• What to work on:
Give the listing back in full, exactly as written, with the pictures removed.

• Available data:
##########
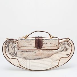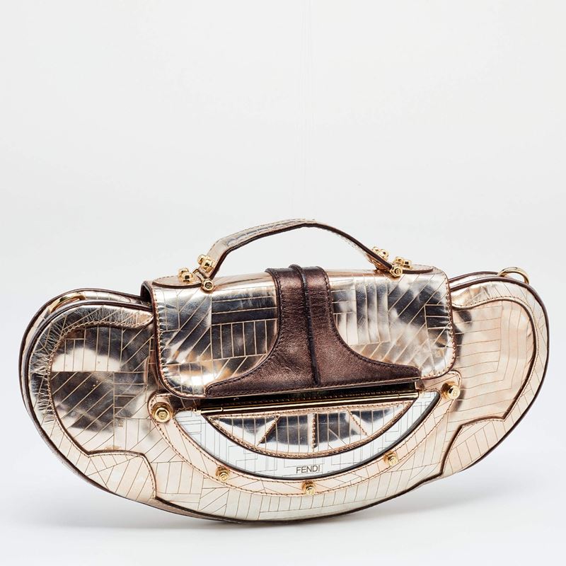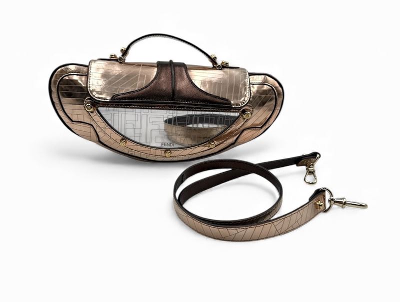 FENDI Borsa a mano Mirror in pelle laminata sui toni del bronzo e inserti in nappa color prugna. Tracolla removibile in pelle laminata. Cm 13x28x6. Reca marchi Fendi, FF, Made in Italy. Corredata di due certificati Fendi per pelle laminata e nappa.
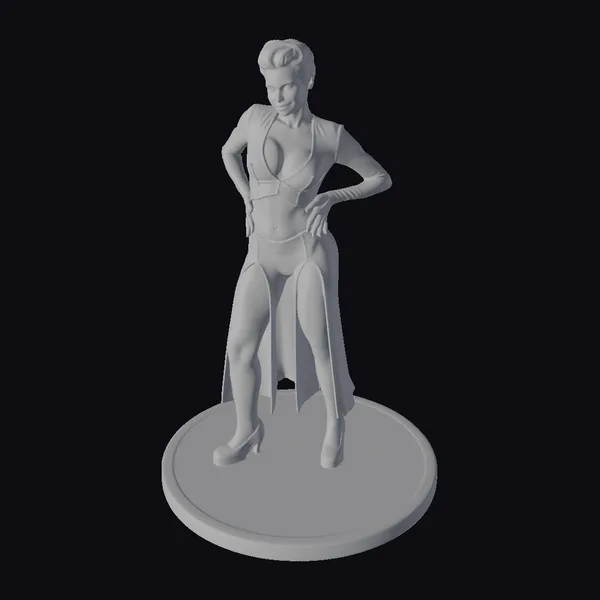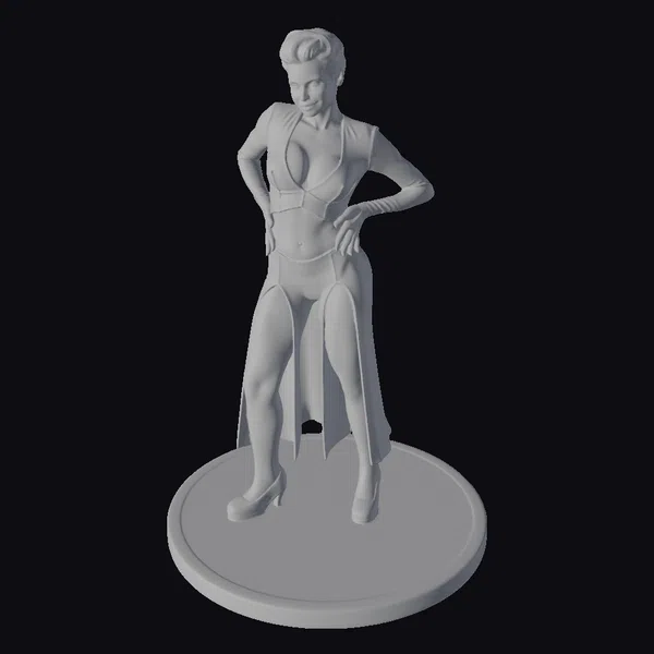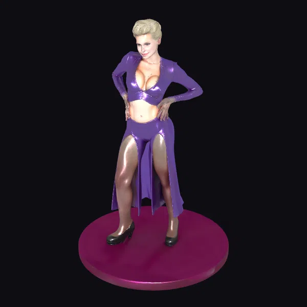 Standing tall on a rich, magenta base, this stylized blonde woman is a masterpiece of digital artistry. Her short, spiky blonde hair frames her face, which is set in a sultry expression. The purple ensemble, consisting of a bra, high-waisted shorts, and a flowing jacket, showcases her toned physique. The metallic finish of her outfit catches the light, adding depth to her already captivating presence. With her hands on her hips and legs slightly apart, she commands attention. Her black high heels add a touch of sophistication to her overall look. This model is perfect for projects requiring a blend of style, confidence, and allure, such as animations, games, or architectural visualizations.
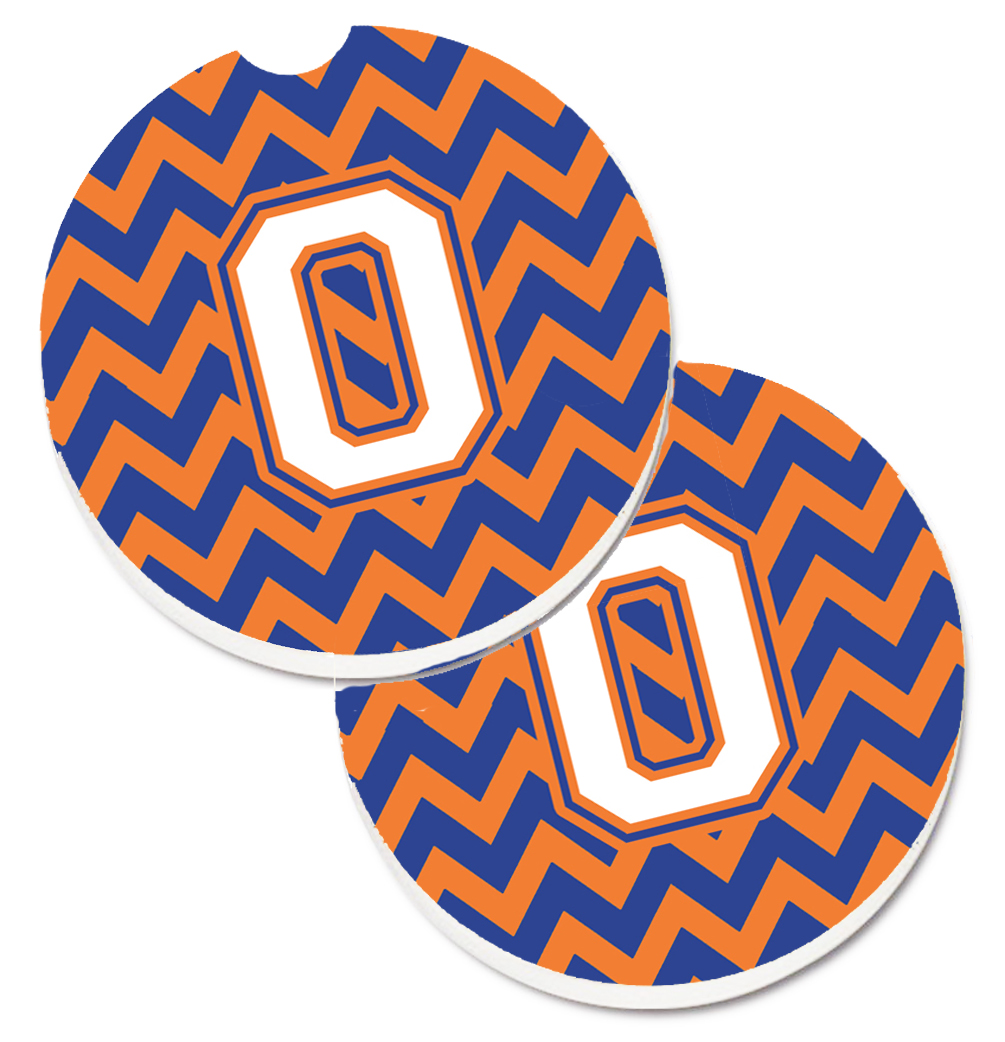 Carolines Treasures CJ1060-OCARC Letter O Chevron Blue & Orange No.3 Set of 2 Cup Holder Car Coaster
##########
• Expected answer:
 FENDI Borsa a mano Mirror in pelle laminata sui toni del bronzo e inserti in nappa color prugna. Tracolla removibile in pelle laminata. Cm 13x28x6. Reca marchi Fendi, FF, Made in Italy. Corredata di due certificati Fendi per pelle laminata e nappa.
 Standing tall on a rich, magenta base, this stylized blonde woman is a masterpiece of digital artistry. Her short, spiky blonde hair frames her face, which is set in a sultry expression. The purple ensemble, consisting of a bra, high-waisted shorts, and a flowing jacket, showcases her toned physique. The metallic finish of her outfit catches the light, adding depth to her already captivating presence. With her hands on her hips and legs slightly apart, she commands attention. Her black high heels add a touch of sophistication to her overall look. This model is perfect for projects requiring a blend of style, confidence, and allure, such as animations, games, or architectural visualizations.
 Carolines Treasures CJ1060-OCARC Letter O Chevron Blue & Orange No.3 Set of 2 Cup Holder Car Coaster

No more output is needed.